_Assigned task_
A word-for-word copy of the entries, with images excluded, is the expected answer.
(Beginning of Data section)
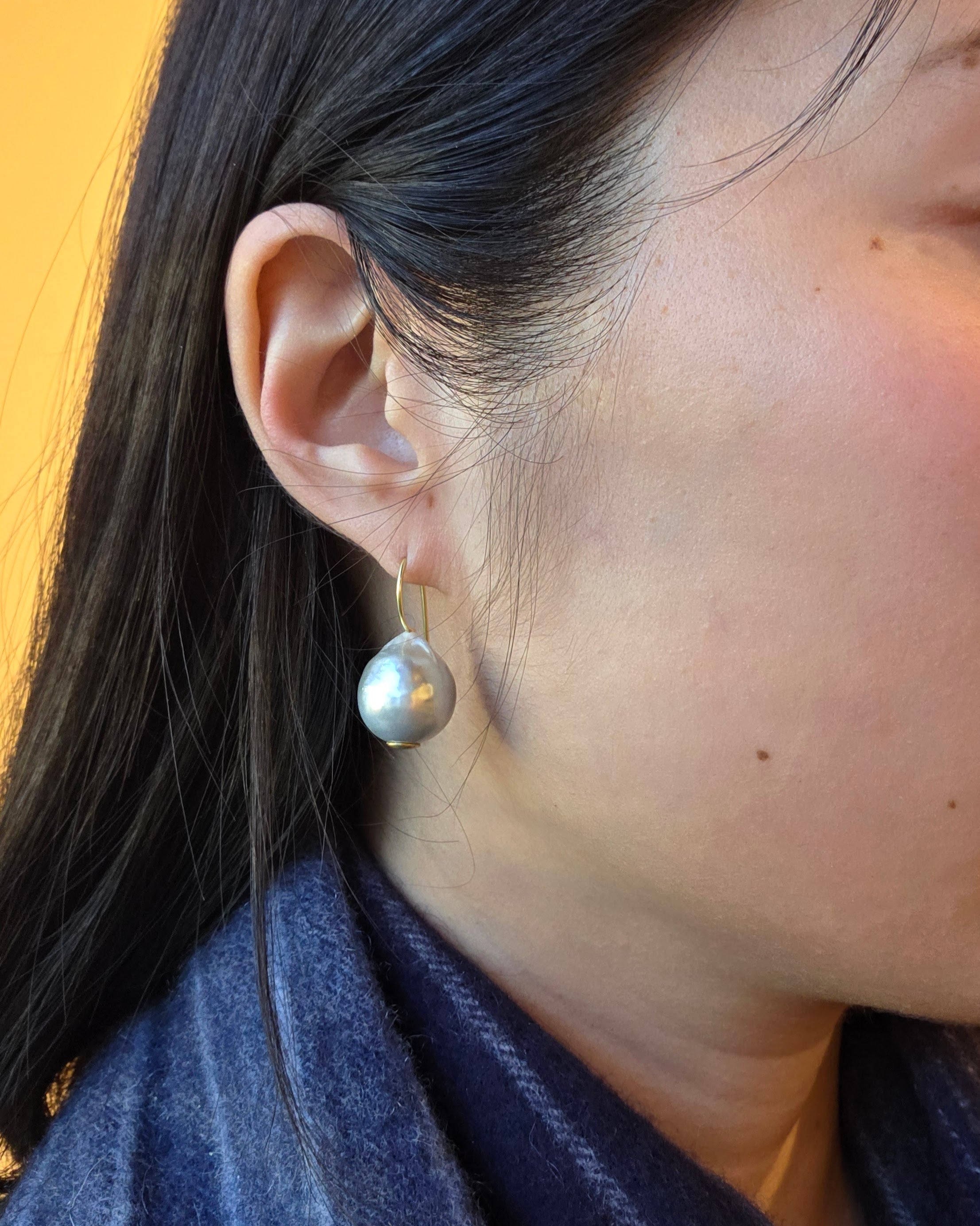 Light Grey Baroque Pearl Earrings with 18k Gold Bottom Caps and Wirestahitian pearls, 18k gold
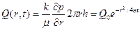 Из (7.23) находят, что расход жидкости через любую цилиндрическую поверхность радиусом r и скорость фильтрации определяются
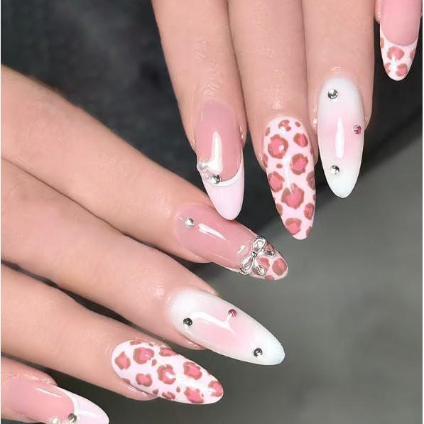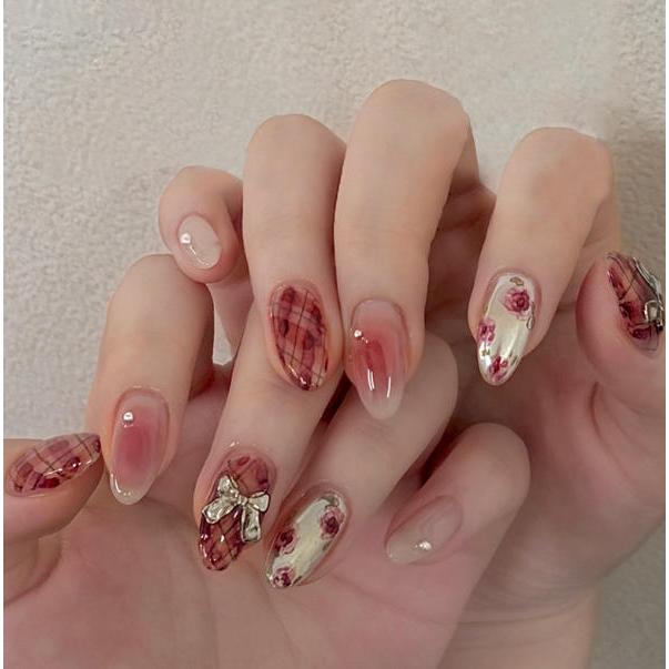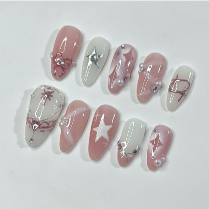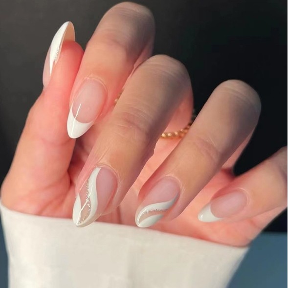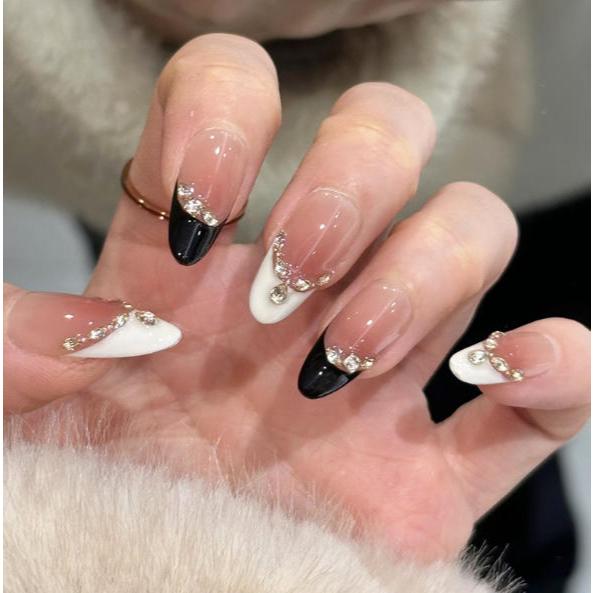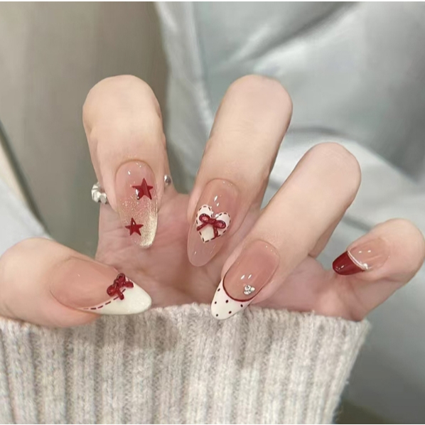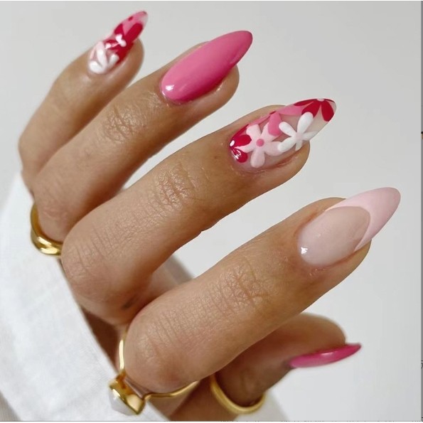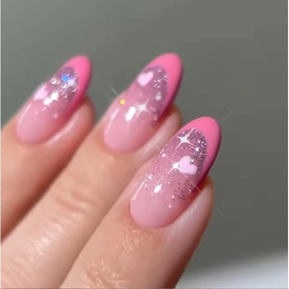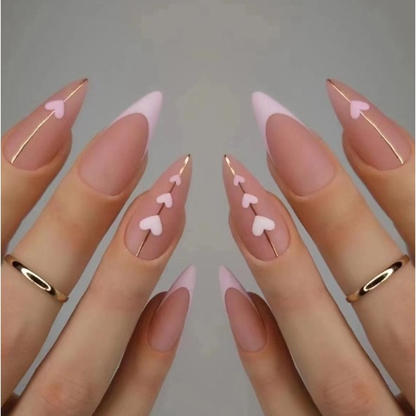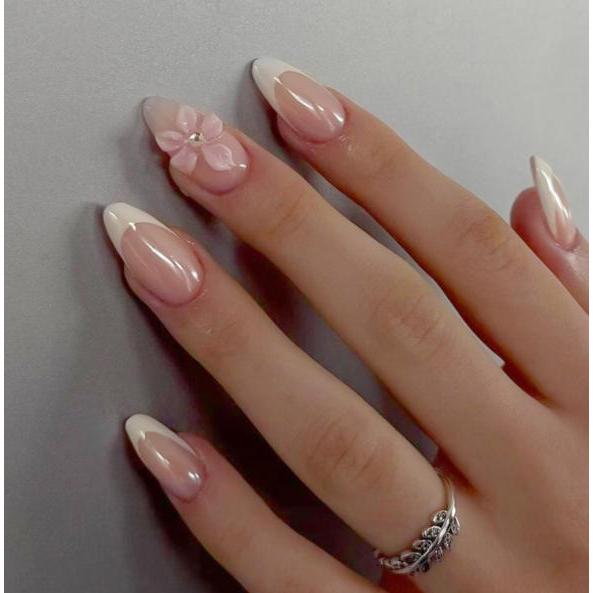 unha postiça amendoada realista francesinha Natural Com Cola media unhas Falsas nails pintada unhas postiças decoradas
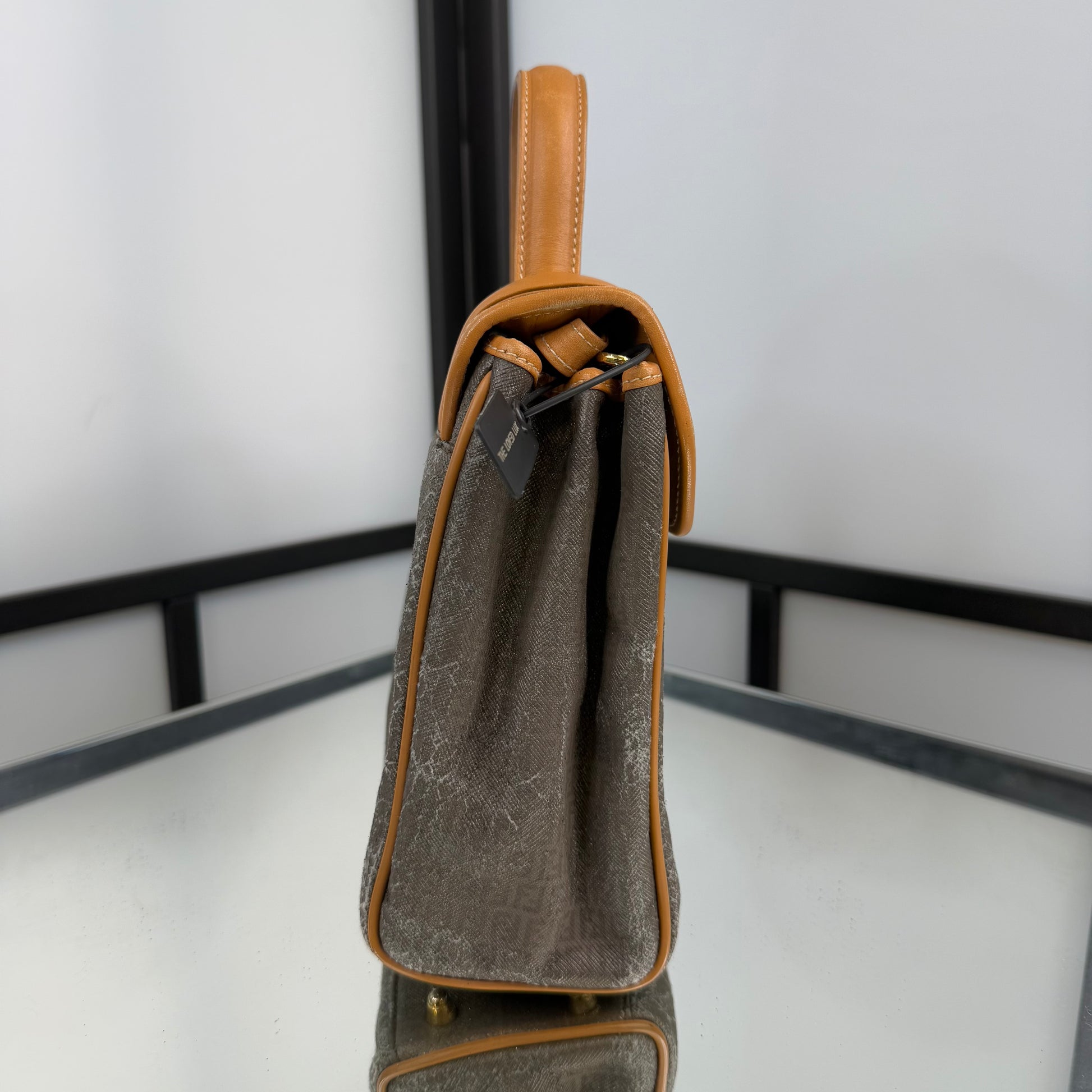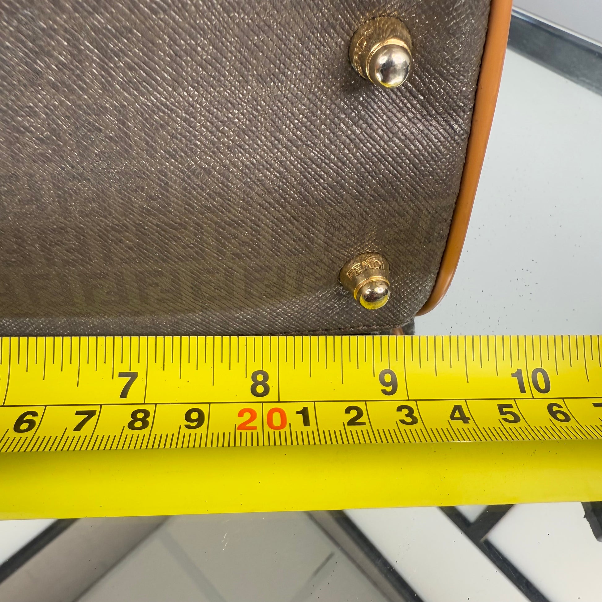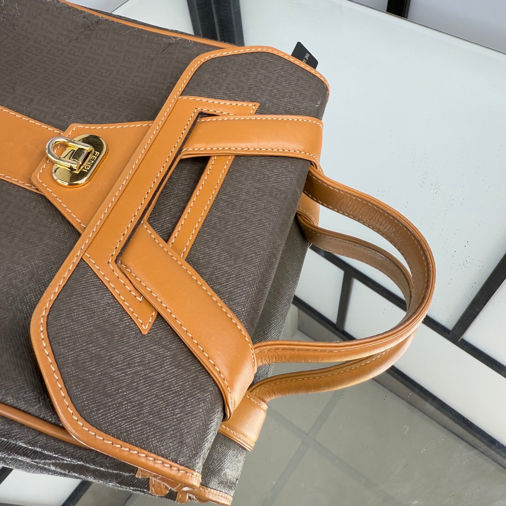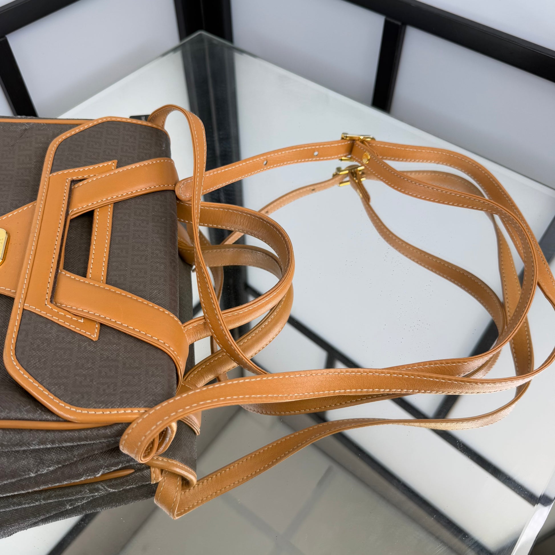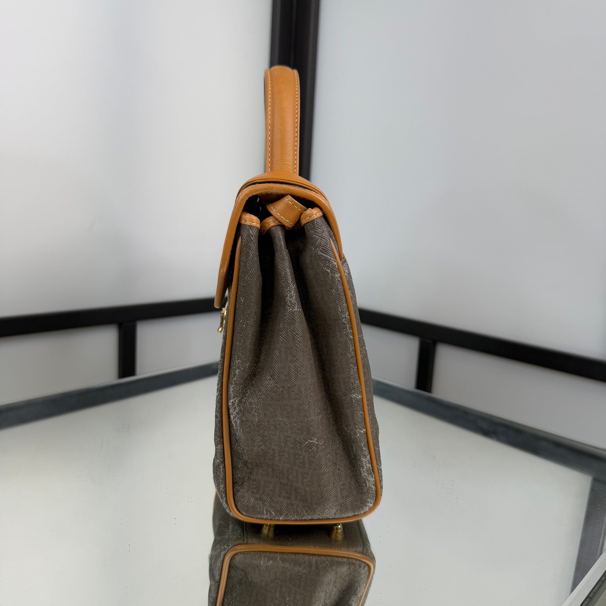 The FENDI FF Zucchino Handbag showcases the brand’s signature monogram canvas in a structured, vintage silhouette. Accented with tan leather trim and gold-tone hardware, it blends timeless Italian craftsmanship with everyday functionality. A classic statement piece that embodies Fendi’s refined aesthetic, perfect for both casual and polished looks.
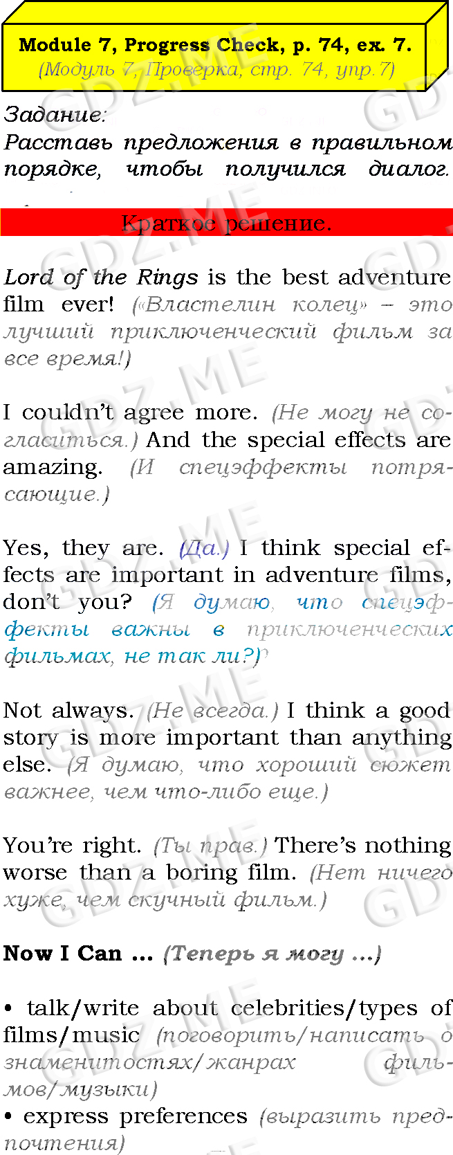 Подробный вариант решения из решебника (ГДЗ): Страница номер 74-7-7 (Module 6. Having fun. Module 7. In the spotlight. Страница 74) по предмету Английский язык, за 7 класс, авторы учебника Ю.Е. Ваулина, Д. Дули, О.Е. Подолянко, В. Эванс.
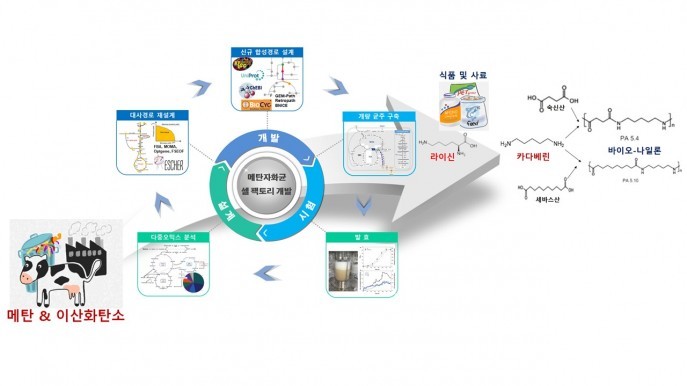 메탄자화균은 상온·상압의 조건에서 메탄을 알코올, 유기산, 올레핀 및 바이오폴리머 등의 고부가가치 산물로 대사한다. 연구팀은 메탄자화균 연구동향을 분석해 화학물질 및 바이오 연료를 위한 연구전략을 제시했다. 이를 토대로 탄과 이산화탄소를 동시에 동화할 수 있는 유형 II 메탄자화균 개량에 성공했다. 특히 개량된 메탄자화균을 가스발효해 식품 및 사료 소재인 라이신과 바이오 나일론의 원료인 카다베린을 생합성할 수 있었다.
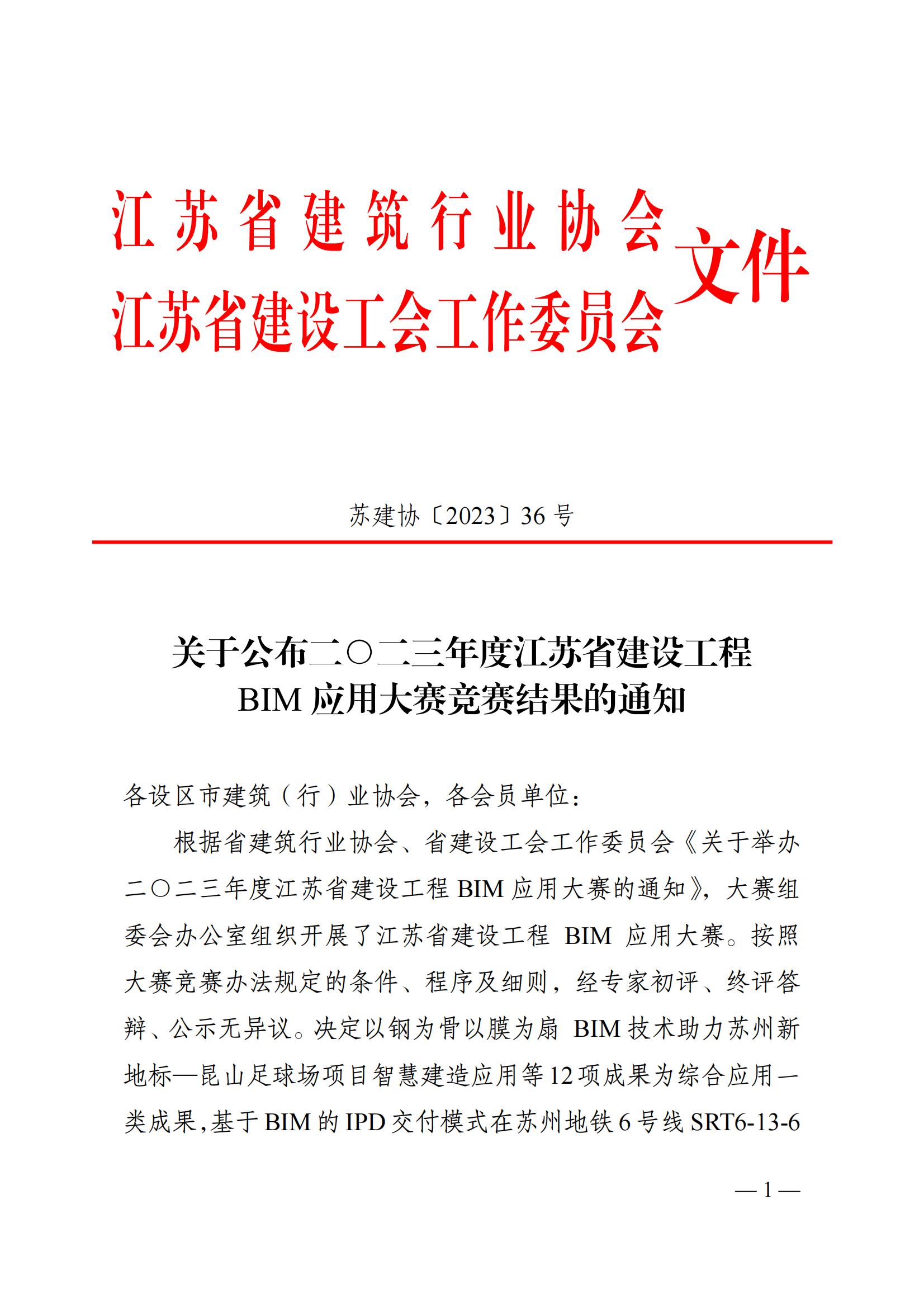附件:1、二○二三年度江苏省建设工程 BIM 应用大赛竞赛结果名单(BIM 技术综合应用)
(End of Data section)
_Answer to this exercise_
 Light Grey Baroque Pearl Earrings with 18k Gold Bottom Caps and Wirestahitian pearls, 18k gold
 Из (7.23) находят, что расход жидкости через любую цилиндрическую поверхность радиусом r и скорость фильтрации определяются
 unha postiça amendoada realista francesinha Natural Com Cola media unhas Falsas nails pintada unhas postiças decoradas
 The FENDI FF Zucchino Handbag showcases the brand’s signature monogram canvas in a structured, vintage silhouette. Accented with tan leather trim and gold-tone hardware, it blends timeless Italian craftsmanship with everyday functionality. A classic statement piece that embodies Fendi’s refined aesthetic, perfect for both casual and polished looks.
 Подробный вариант решения из решебника (ГДЗ): Страница номер 74-7-7 (Module 6. Having fun. Module 7. In the spotlight. Страница 74) по предмету Английский язык, за 7 класс, авторы учебника Ю.Е. Ваулина, Д. Дули, О.Е. Подолянко, В. Эванс.
 메탄자화균은 상온·상압의 조건에서 메탄을 알코올, 유기산, 올레핀 및 바이오폴리머 등의 고부가가치 산물로 대사한다. 연구팀은 메탄자화균 연구동향을 분석해 화학물질 및 바이오 연료를 위한 연구전략을 제시했다. 이를 토대로 탄과 이산화탄소를 동시에 동화할 수 있는 유형 II 메탄자화균 개량에 성공했다. 특히 개량된 메탄자화균을 가스발효해 식품 및 사료 소재인 라이신과 바이오 나일론의 원료인 카다베린을 생합성할 수 있었다.
附件:1、二○二三年度江苏省建设工程 BIM 应用大赛竞赛结果名单(BIM 技术综合应用)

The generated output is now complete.